Ana Miriam received top marks for the assignment. Indeed, throughout the training, she showed real development and growth, and on the last day, she was nominated by her fellow graduates to give a speech in front of over 150 people.
ISDEM’s General Manager Juan Alfredo Henríquez also spoke at the event, stating that:
“I am optimistic about this programme and especially the way our facilitators have already been able to pass on their knowledge in certain municipalities. They are now able to continue to carry out their assessments using these methods with many more local governments in the country. This would not have been possible without the support we receive through an inter-organizational agreement with NIMD.”
Personal and professional change
Thanks to her newly acquired skills and knowledge, Ana Miriam has already been able to provide support to various municipalities on their request.
She has facilitated dialogue and negotiation processes in a number of municipal councils which, as a result of conflict, faced blockages in the approval of projects, strategic plans or even loans.
Following the training, Ana Miriam also feels better equipped to face challenges in both her working and personal life:
“The course has allowed me to be more open to criticism in my work, more open to what municipal councils might say. The increased clarity helps you to talk to them more easily. I have been able to resolve isolated cases in various councils.
On a personal level, it’s much easier to listen to family, resolve issues and help out in a more efficient way. One of the parts of my life in which it has been the easiest to apply what I have learnt is in my work with young people and adults as a voluntary basketball coach.
It’s easier now to sit down and listen and talk to them about the training. Before, I used to say ‘let’s do this or that’. Now, instead, I ask them what they think, whether something will benefit them. Before I told them what to do, now I listen.”

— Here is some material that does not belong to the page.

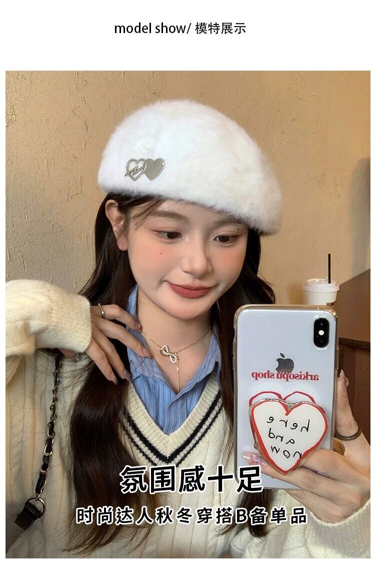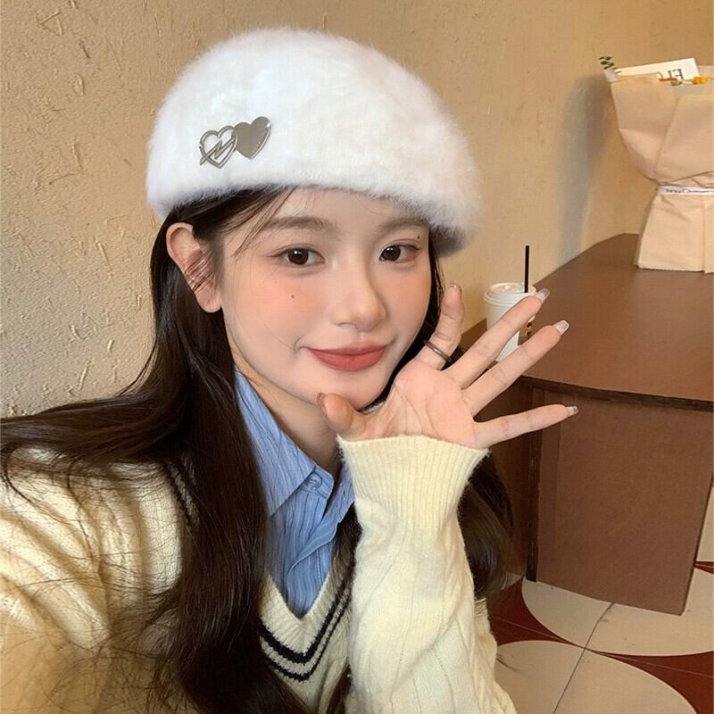 甘くてクールな白ウサギの毛皮のベレー帽女性 2023 新しいスタイルの顔見せ小さな逆着用病棟帽子豪華な画家の帽子 ホワイト 大人ガーリー スウィート キュート カジュアル ベレット ヘアアクセサリー 15dd12989232724

Considering the broader impact of her work, Anna Miriam reflects:
“Since I was 18, my main motivation to work in my field is the chance to support municipalities to resolve problems and build trust.

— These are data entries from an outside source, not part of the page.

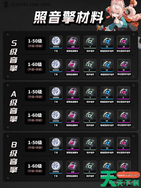 绝区零上线了2.5版本,在新版本将会上线新角色照,很多玩家都想知道照的升级突破材料,下面就让我们来看看绝区零照升级突破材料吧。 绝区零照升级突破材料 以上就是绝区零照升级突破材料的全部内容了,希望玩家可以顺利的知道需要哪些材料,更多精彩内容请关注天天下载(ttzip.com)。 @天天软件站Ttzip 除特别注明外,本站所有文章均为 天天下载 原创,转载请注明出处来自 https://www.ttzip.com/204118.html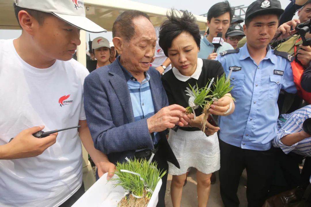 袁隆平在山东青岛参观试验田,为工作人员传递海水稻秧苗杂交水稻亩产量突破1000公斤后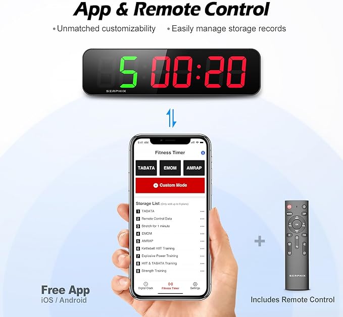 - 【Rich Customization】You can freely configure every parameter of the timing program through the app, as well as add or delete rest and work modules, easily realizing all your ideas. Timing modes include Custom Intervals (P1-P9), Tabata, EMOM, AMRAP, Count Down & Up, and Stopwatch.

If municipalities are not strong, and the country doesn’t listen to the people’s needs on a local level, then there can be no progress. Things stagnate. If we don’t channel support then it doesn’t help anyone and there is no impact in the country. It’s crucial to work on a local level”.
Ana Miriam has become a firm believer in dialogue and negotiation as a means towards long-lasting agreements in personal life, with family and on the community, municipal and national levels.
Through NIMD’s support, Ana Miriam and many other municipal advisors are now able to work towards building a more democratic political culture and strengthening El Salvador’s political system through the successful implementation of multiparty politics at the local level.